* **Task description**
Only the pictures are to be dropped; the rest of the data below is to be duplicated exactly.

BEGIN Dataset excerpt

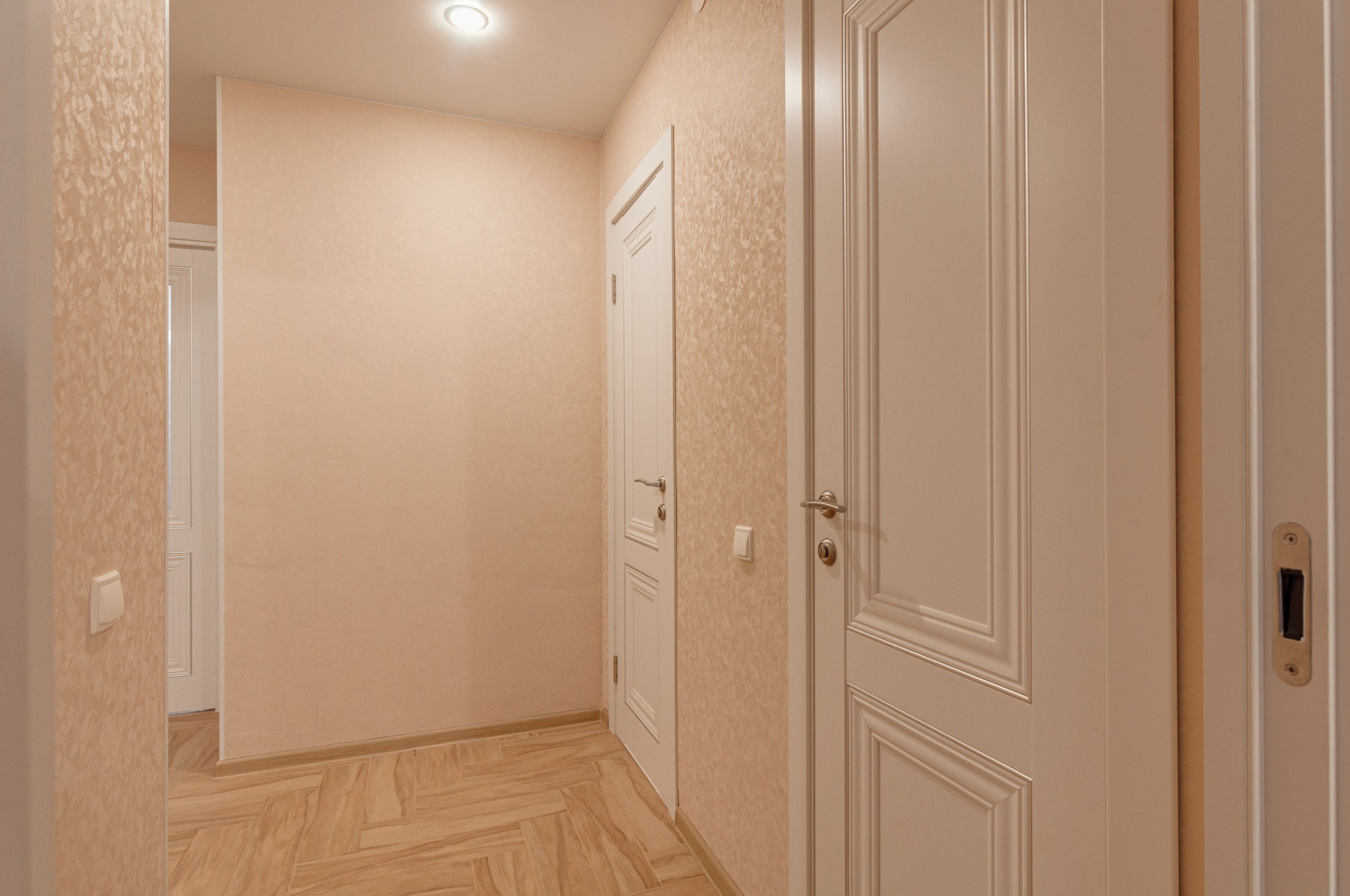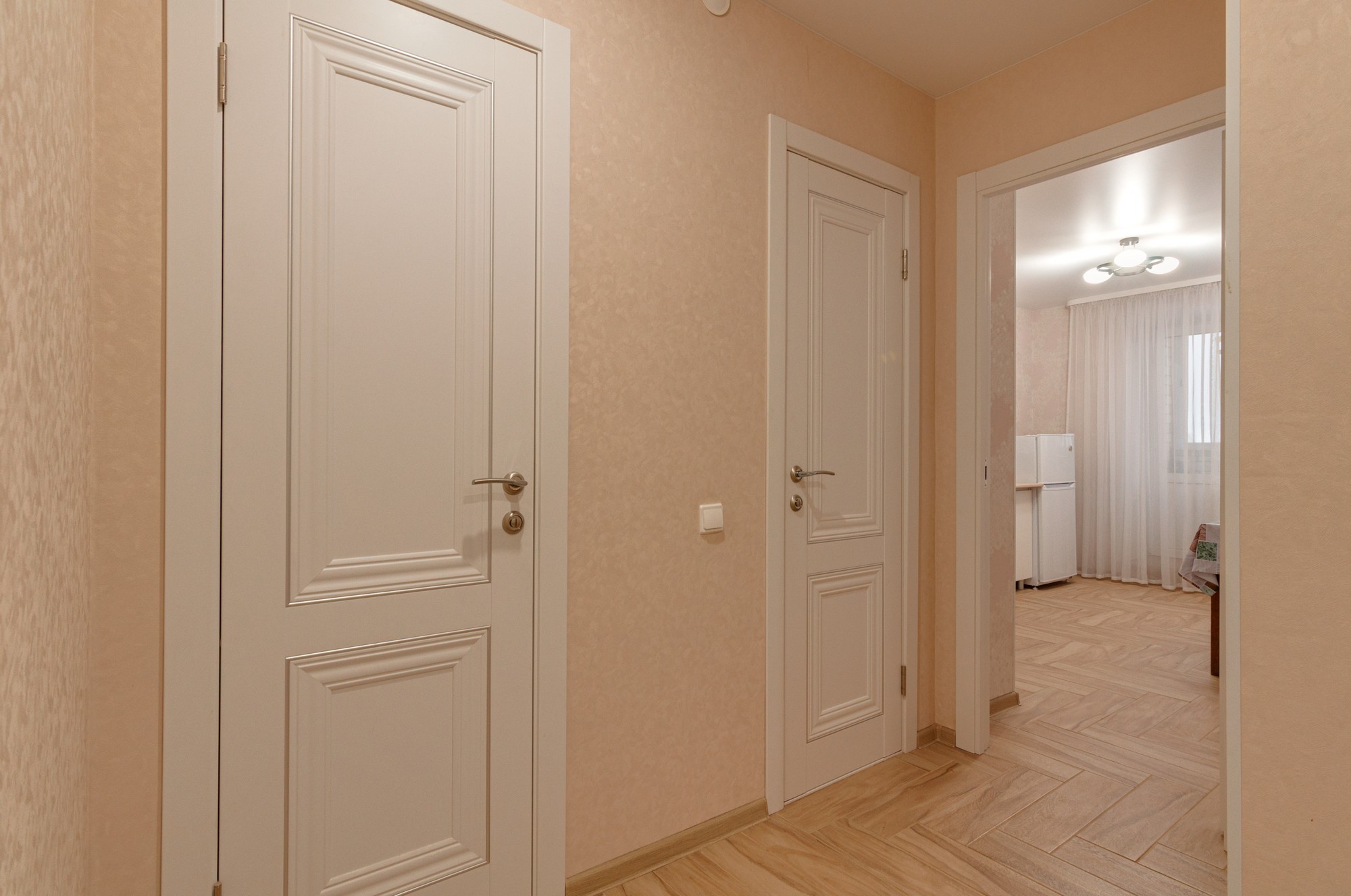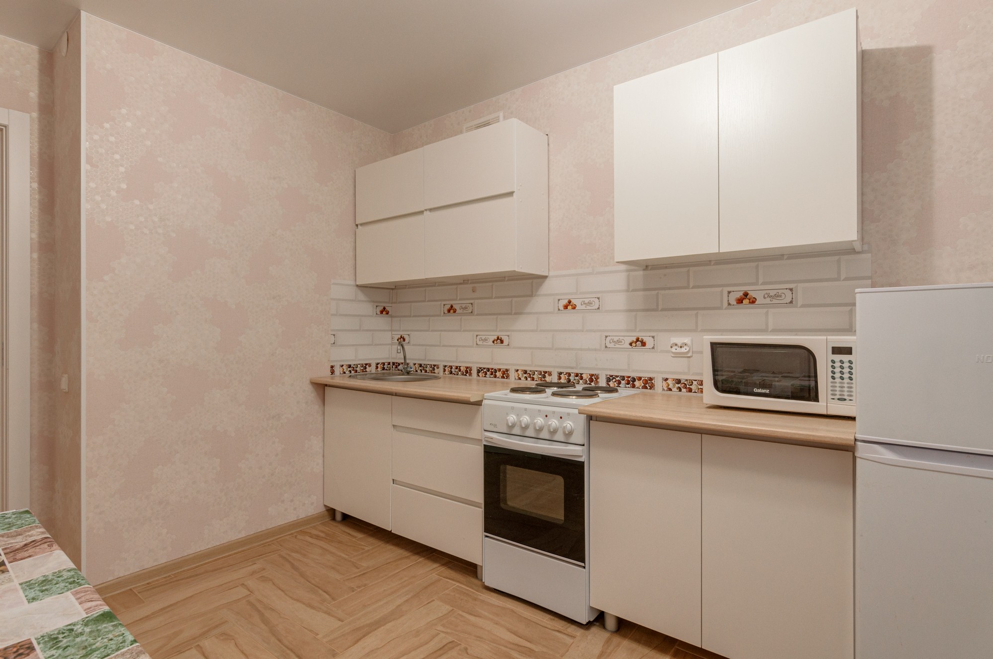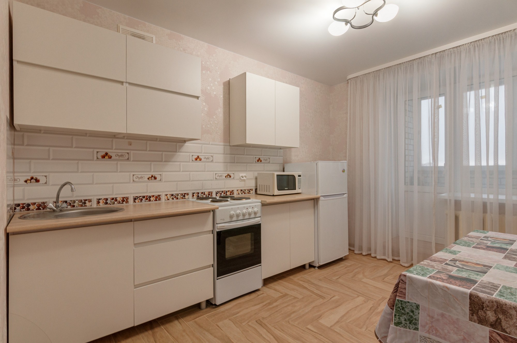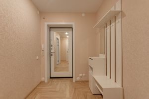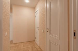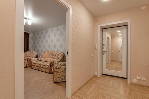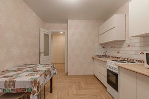 Квартира расположена на 6 этаже 9-этажного кирпичного дома. Общая площадь — 54,9 кв. м, жилая — 31,02 кв. м, площадь кухни — 11 кв. м. Высота потолков — 2,6 м. В квартире выполнен свежий евроремонт, комнаты изолированы, окна выходят на две стороны.
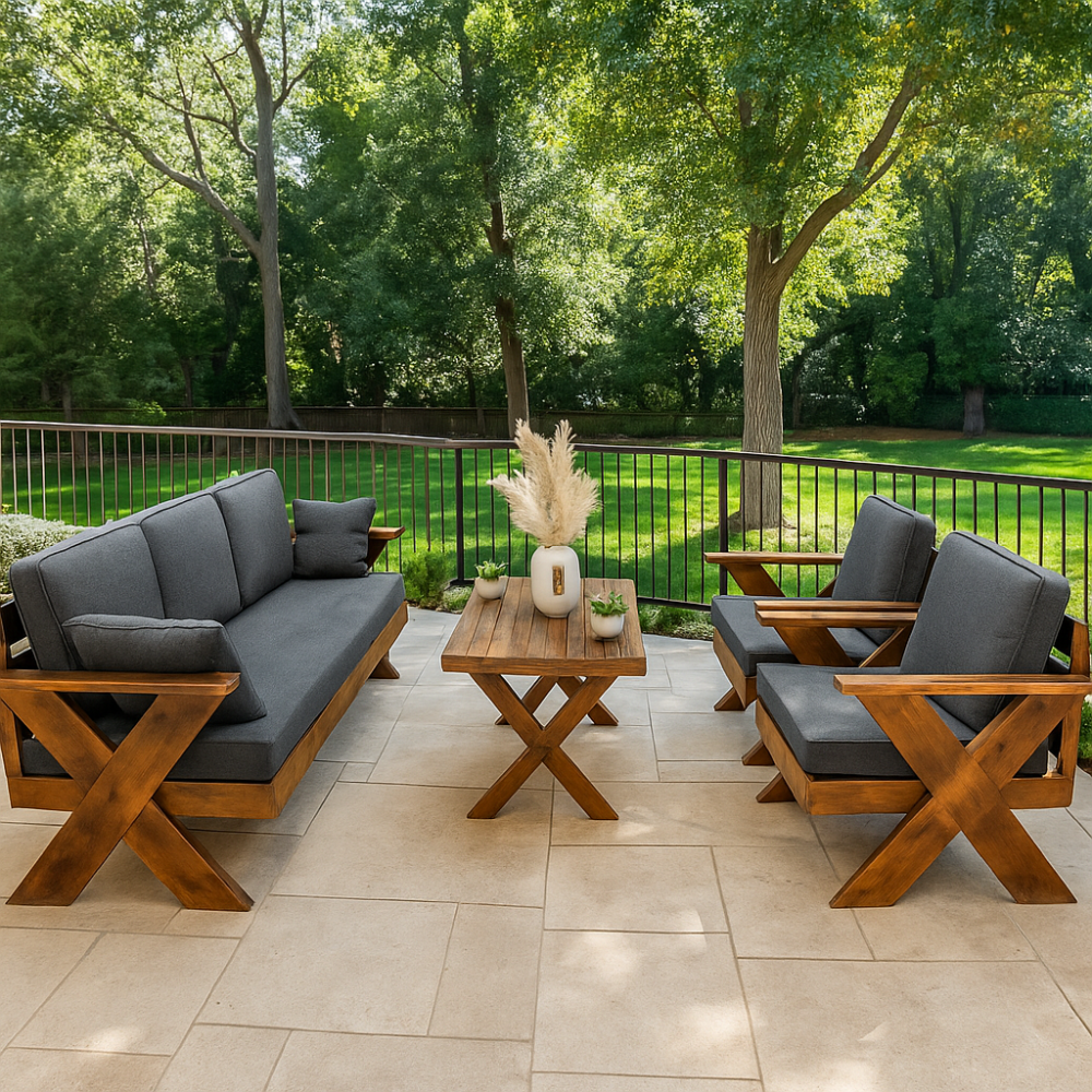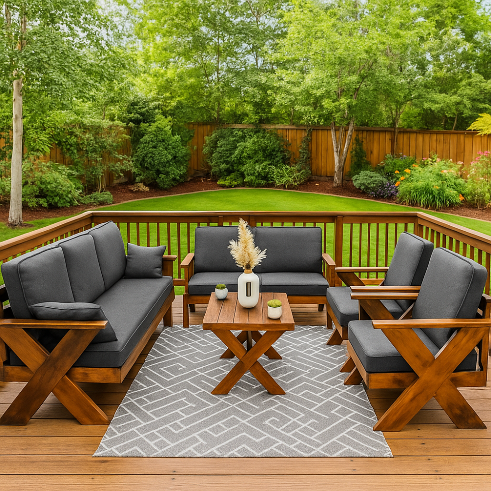 طقم جلسة من الخشب والفرش (7 أشخاص)
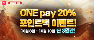 [용칼이키우기] One pay 20% 포인트백 이벤트!2025-10-08 ~ 2025-10-10

END Dataset excerpt

* **Response area**
 Квартира расположена на 6 этаже 9-этажного кирпичного дома. Общая площадь — 54,9 кв. м, жилая — 31,02 кв. м, площадь кухни — 11 кв. м. Высота потолков — 2,6 м. В квартире выполнен свежий евроремонт, комнаты изолированы, окна выходят на две стороны.
 طقم جلسة من الخشب والفرش (7 أشخاص)
 [용칼이키우기] One pay 20% 포인트백 이벤트!2025-10-08 ~ 2025-10-10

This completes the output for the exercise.